Other aspects of this paper, though, are fine by me. As the authors point out, this sort of thing has implications for drawing evolutionary family trees of proteins - we should not assume too much when we see similar binding pockets, since these may well have a better chance of being coincidence than we think. And there are also implications for origin-of-life studies: this work (and the other work in the field, cited above) imply that a random collection of proteins could still display a variety of functions. Whether these are good enough to start assembling a primitive living system is another question, but it may be that proteinaceous life has an easier time bootstrapping itself than we might imagine.

Comments (16) + TrackBacks (0) | Category: Biological News | In Silico | Life As We (Don't) Know It


1. sgcox on May 22, 2013 8:40 AM writes...

This paper is worth mentioning here:

Permalink to Comment

2. anon on May 22, 2013 8:41 AM writes...

"I don't know of anyone doing drug discovery that has ever believed anything else."

Quite a few academic PIs fancy themselves doing drug discovery these days. Many (not all, mind you, but many) of them are not very knowledgeable of the actual pharmacology, let alone medicinal chemistry. Thus "notion of one molecule–one protein target that underlies many aspects of drug discovery" may be spot on, insofar as it concerns the predominant mentality in academic "drug discovery".

Permalink to Comment

3. petros on May 22, 2013 9:02 AM writes...

This review focusing on cancer targets considers the multiplicity of potential drug sites on target proteins.

Nat Rev Drug Discov. 2013 Jan;12(1):35-50. doi: 10.1038/nrd3913

Permalink to Comment

4. Curious Wavefunction on May 22, 2013 9:12 AM writes...

"This promiscuity implies that the notion of one molecule–one protein target that underlies many aspects of drug discovery is likely incorrect"

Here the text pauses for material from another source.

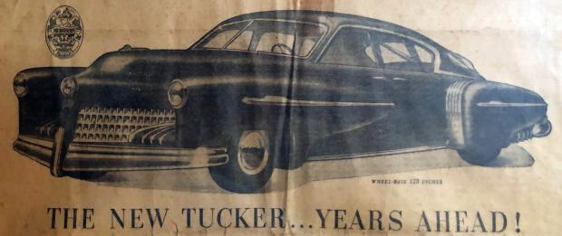 The ad highlighted a stylized artist's rendering of the Tucker'48.

Maybe it simply means that even those compounds which we think are selective for one target are probably not? It certainly seems to be the case for drugs like Gleevec and maybe we will find it to be the case for others if we dig deeper.

Permalink to Comment

5. PF9 on May 22, 2013 9:20 AM writes...

A couple of points to consider:
1) a lot will depend on how you define the extent of a binding site. Think about serine proteases: it is S1, how much of S1, do you add in more of the central cavity etc etc
2) Just because a ligand shows binding in vitro, is there really a causal, PK/PD driven link to action in vivo? In many cases I doubt it (hERG aside)

Permalink to Comment

6. anchor on May 22, 2013 9:22 AM writes...

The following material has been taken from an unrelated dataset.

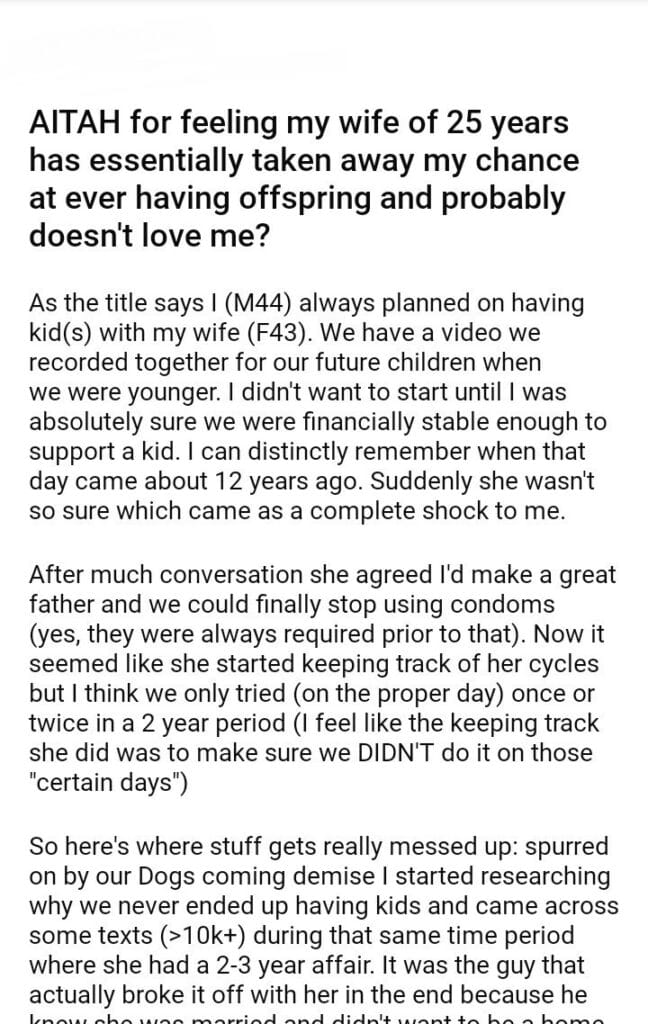 AITAH for feeling my wife of 25 years has essentially taken away my chance

#2-spot on! I moved into academia from big-pharma. I am exasperated at many level with these PIs and I find most of them to be "one trick pony." They all in their infinite wisdom believe that if you fix an "issue" that is their specialty and staple diet for their existence in academia (logP, blood curve, mouse model etc.) then the drug molecule will happen! I am very frustrated at their ignorance. I try to reason with them that it is not that simple but my suggestions and reasoning's fall by the way side. Call it their stupidity or naivety. More damaging these days are with the ready availability of Scifinder search engines, they are even getting bolder and as a medicinal chemist with modest success in the industry, am simply flabbergasted.

Permalink to Comment

7. Imaging guy on May 22, 2013 9:52 AM writes...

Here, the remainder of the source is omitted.